Optionally, the step four specifically includes:

voting according to the cross judgment result, the first signal state information, the second signal state information, the first fault integral result and the second fault integral result to obtain a voting result.

The invention has at least the following beneficial technical effects:

according to the double-redundancy sensor signal voting method based on the fault integral, the fault integral result is introduced into the engine signal voting, when a virtual connection fault exists in a certain redundancy signal, the redundancy signal does not participate in control, and unstable control of the engine caused by parameter selection change is avoided.

Drawings

FIG. 1 is a signal processing flow chart of a fault integration based dual-redundancy sensor signal voting method according to an embodiment of the present application;

FIG. 2 is a signal voting logic diagram of a fault integration based dual-redundancy sensor signal voting method according to one embodiment of the present application.

Detailed Description

In order to make the implementation objects, technical solutions and advantages of the present application clearer, the technical solutions in the embodiments of the present application will be described in more detail below with reference to the drawings in the embodiments of the present application. In the drawings, the same or similar reference numerals denote the same or similar elements or elements having the same or similar functions throughout. The described embodiments are a subset of the embodiments in the present application and not all embodiments in the present application. The embodiments described below with reference to the drawings are exemplary and intended to be used for explaining the present application and should not be construed as limiting the present application. All other embodiments, which can be derived by a person skilled in the art from the embodiments given herein without making any creative effort, shall fall within the protection scope of the present application. Embodiments of the present application will be described in detail below with reference to the accompanying drawings.
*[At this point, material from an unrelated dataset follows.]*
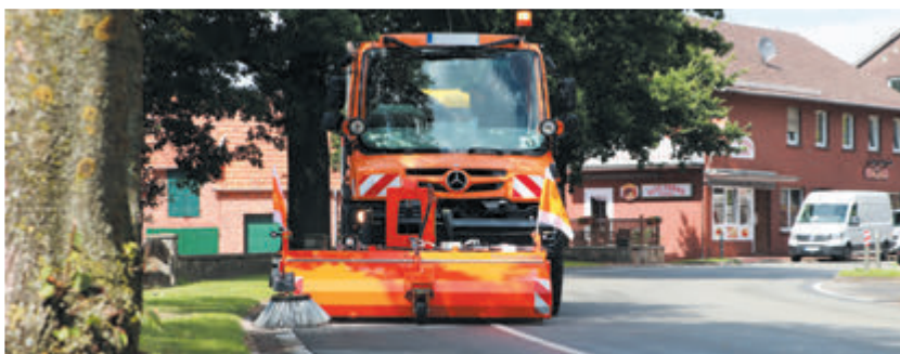
bema 30 Dual PowerMaster am Unimog mit Seitenkehrbesen und hydraulische Seitenverschiebung (rechts/links je 500 mm)

In the description of the present application, it is to be understood that the terms "center", "longitudinal", "lateral", "front", "back", "left", "right", "vertical", "horizontal", "top", "bottom", "inner", "outer", and the like indicate orientations or positional relationships based on those shown in the drawings, and are used merely for convenience in describing the present application and for simplifying the description, and do not indicate or imply that the referenced device or element must have a particular orientation, be constructed in a particular orientation, and be operated, and therefore should not be construed as limiting the scope of the present application.
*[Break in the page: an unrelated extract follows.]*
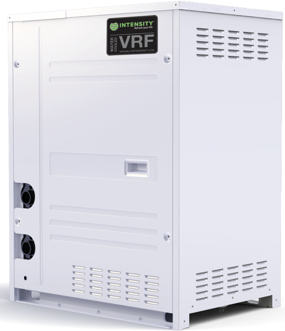
*Imágenes con fines ilustrativos.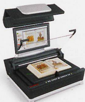
Buchscanner Vorlagengrößen von A3 bis A0

The present application is described in further detail below with reference to fig. 1-2.

The application provides a dual-redundancy sensor signal voting method based on fault integration, which comprises the following steps:

the method comprises the following steps: obtaining a measured value of a dual-redundancy sensor signal, and carrying out extreme value fault judgment and cross fault judgment on the measured value of the dual-redundancy sensor signal to obtain an extreme value judgment result and a cross judgment result;

step two: acquiring the measurement state of the dual-redundancy sensor signal, and obtaining signal state information according to the measurement state of the dual-redundancy sensor signal and the extreme value judgment result;

step three: performing fault integration on the signal state information to obtain a fault integration result;

step four: and voting according to the cross judgment result, the signal state information and the fault integral result to obtain a voting result.

Specifically, in step one, the measured values of the dual redundancy sensor signals include a measured value of a first signal (represented by a) and a measured value of a second signal (represented by B). The extreme value fault judgment and the cross fault judgment of the measured values of the signals of the dual-redundancy sensors comprise the following steps:

carrying out extreme value fault judgment on the measured value of the first signal to obtain an extreme value judgment result of the first signal;

carrying out extreme value fault judgment on the measured value of the second signal to obtain an extreme value judgment result of the second signal;

and carrying out cross fault judgment on the measured value of the first signal and the measured value of the second signal to obtain a cross judgment result.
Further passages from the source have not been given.